I stopped arguing with him. Plaster and concrete had begun raining down and the flames from the stairwell seemed to gather before leaping in bold streaks across the lobby, towards where Demos was standing, engulfing him in black smoke.
Jack pushed Robocop through the doorway. Alex pushed me through after and I copied him, pulling my T-shirt up to cover my mouth, all the while craning backwards, trying to catch a glimpse of Demos through the flames. What was he doing? Alex was right behind me, though, urging me forward.
The smoke in the corridor was heavy, leaking through the air-conditioning vents above us and making it feel as if we were r
unning through an underground tunnel. My eyes were burning; the air I was sucking into my lungs was as thick and acrid as tar. I could just make out Jack about ten metres ahead.

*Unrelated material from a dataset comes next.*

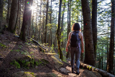 Adventurous Girl Hiking in a Green and Vibrant Rain Forest during a sunny spring day. Taken in Abbotsford, East of Vancouver, British Columbia, Canada. Nature Background Panorama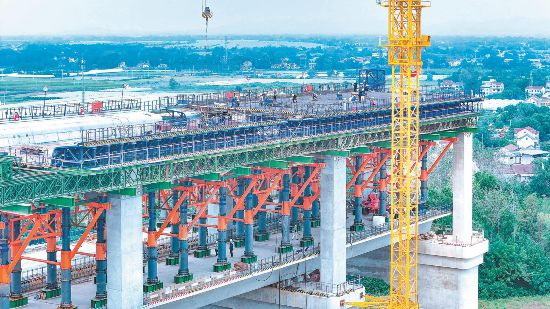 10月5日,池州长江公铁大桥项目北引桥首片公路梁浇筑完成。国庆中秋假期,600多名施工人员奋战在一线,确保工程顺利推进。

I tried to blow the smoke backwards, force it to retreat, and it did a little, starting to thin in places, billowing out to the sides like a cloak. We could at least see where we were going now, the long corridor stretching ahead of us. The back entrance that Sara had led us through at the far end was propped open with something, letting in a sliver of light.
Then we heard a crack, muffled among the roaring of the flames and the rising shriek of sirens from outside. Alex jerked to a stop, his arms flying out to the sides, grasping for me. I grabbed hold of his arm to keep upright. Ahead, I watched Jack stumble, then stagger, his shoulder banging into the wall. In slow motion, with a scream welling inside me, I watched him slide to the ground.

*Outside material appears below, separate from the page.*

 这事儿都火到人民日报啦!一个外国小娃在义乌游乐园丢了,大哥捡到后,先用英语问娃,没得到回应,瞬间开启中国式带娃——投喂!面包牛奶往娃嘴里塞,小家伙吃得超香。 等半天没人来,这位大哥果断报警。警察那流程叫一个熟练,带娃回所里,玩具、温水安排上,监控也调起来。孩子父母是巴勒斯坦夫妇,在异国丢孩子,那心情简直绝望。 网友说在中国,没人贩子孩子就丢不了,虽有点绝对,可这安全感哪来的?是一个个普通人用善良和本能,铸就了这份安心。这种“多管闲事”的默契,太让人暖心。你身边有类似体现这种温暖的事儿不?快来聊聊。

‘Jack!’ I shouted, my throat burning, shoving my way past Alex to get to him.
The smoke swallowed Jack whole just then and I blew it back with such force that it swept like a hurricane down the narrow corridor, smashing the door wide open and letting in a flood of light. A shadow appeared, striding through the smoke, heading towards us. I barely registered that it was Robocop. I didn’t register the gun at all – not until I heard the second crack. Then it was automatic. I hurled Alex out of the way so hard and so fast that the sound he made when he collided with the wall behind me drowned out the sound of the bullet smacking home.
44
It was the force of it that shocked me. It felt like a spear had been hurled into my ribcage. It splintered through the bone, twisting and mauling until I felt its hot, fat body sink into the cushion of my lung.
My knees smashed into the floor, graceless and heavy. Alex’s voice roared in my ear before becoming faint and tinny, as though he had been suddenly transported to another dimension. There was another crack; this one sent me tumbling forward, my temple smacking into the floor. Thick, cloying black smoke closed over me, filling my nostrils and my mouth.